Yesterday I revisited the question of the relationship between a license and the contract that grants the license.
This issue arose in connection with a trademark license agreement I’ve been redrafting. The original version says that the license is “nonassignable,” and I’ve been contemplating deleting that adjective on the grounds that the question of assignment of the license would be covered by the general nonassignment provision included in the contract boilerplate.
If this all sounds familiar, it’s because it cropped up in this August 2008 post on license-agreement granting language. So I revisited the issue with Michael Fleming, who in the comments to that post was the principal advocate of the position that a license is distinct from the contract granting that license. Yesterday he repeated in an email to me the gist of his argument:
I’m still of a mind that the license arises independently from the contract, much like a purchase agreement for a house is a different thing than the house itself. The license is the widget. Thus, rules that apply to the license should be clearly attached to the license separate from the rules that apply to the agreement, much as you would attach a covenant that goes with the land in a real estate transaction.
I’m not crazy about the house analogy. For one thing, my selling you a house is very different from my letting you use my trademarks—in the former transaction you get the widget, whereas in the latter you just get the right to use the widget.
But more importantly, any discussion of the meaning of contract language has to start with semantics. I suggest that in this case, the semantics indicate that granting language in a license agreement is simply a variant form of language of discretion and as such is simply a creature of the contract, like any other provision.
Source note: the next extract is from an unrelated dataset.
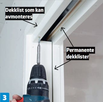 Sett dekklister på overkarmen. En list monteres permanent på den ene siden. På den andre siden skrur du den fast gjennom forborede hull. Listen på denne siden skal kunne tas av hvis døren skal avmonteres.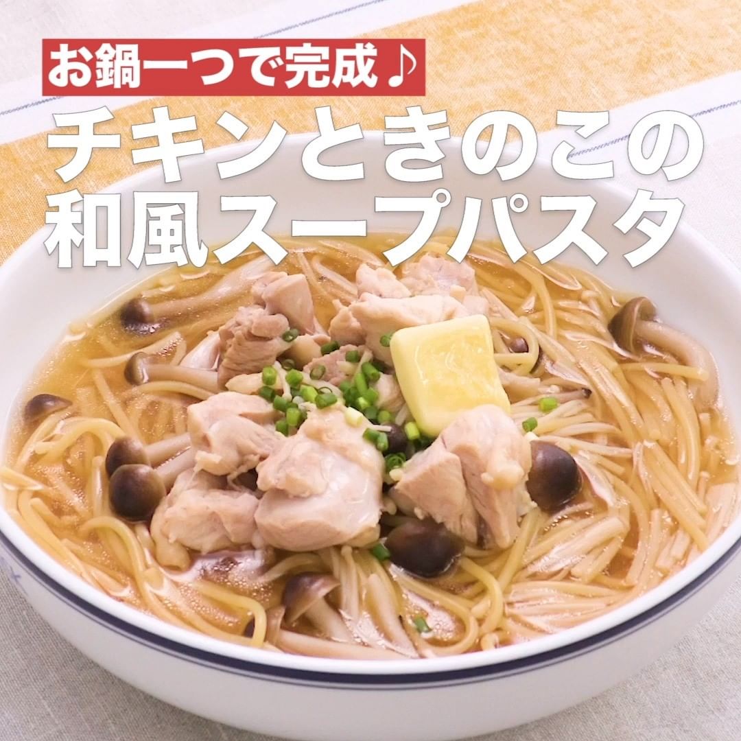 ⑤<お鍋一つで完成♪チキンときのこの和風スープパスタ>

Consider the follow provisions:
- Acme hereby grants Widgetco a license to use the Marks in …
- Acme hereby grants Widgetco the right to use the Marks in …
- Widgetco may use the Marks in …
They all convey the same meaning. What distinguishes the first from the other two is that it seeks to flag that discretion is being accorded with respect to something that Acme controls. But such control wouldn’t be inconsistent with the other two variants. (In the absence of such control, the first two variants would be preposterous.)
When you can convey the same meaning in different ways yet you accord a special significance to one of those ways, then—Hey presto!—you have magic-wordery, the enemy of rational drafting. In terms of the semantics, granting a license is just one way to accord a party discretion under a contract. Debating whether a license arises independently of the contract, or instead is covenant not to sue and therefore part of the contract, is to miss the point.
I haven’t yet researched how this plays out in the caselaw—as long as I’m clear in my drafting, I needn’t concern myself too much with other people’s messes. But it would be rash of me to expect the rest of the world to think like I do: Although I think it’s only logical to treat license-granting language as just another contract provision, I’ll make it clear, for purposes of the trademark license agreement I’m redrafting, that the general nonassignment provision applies to the license-granting language.
I imagine some people will have strong views on this subject. I’d be happy to hear them.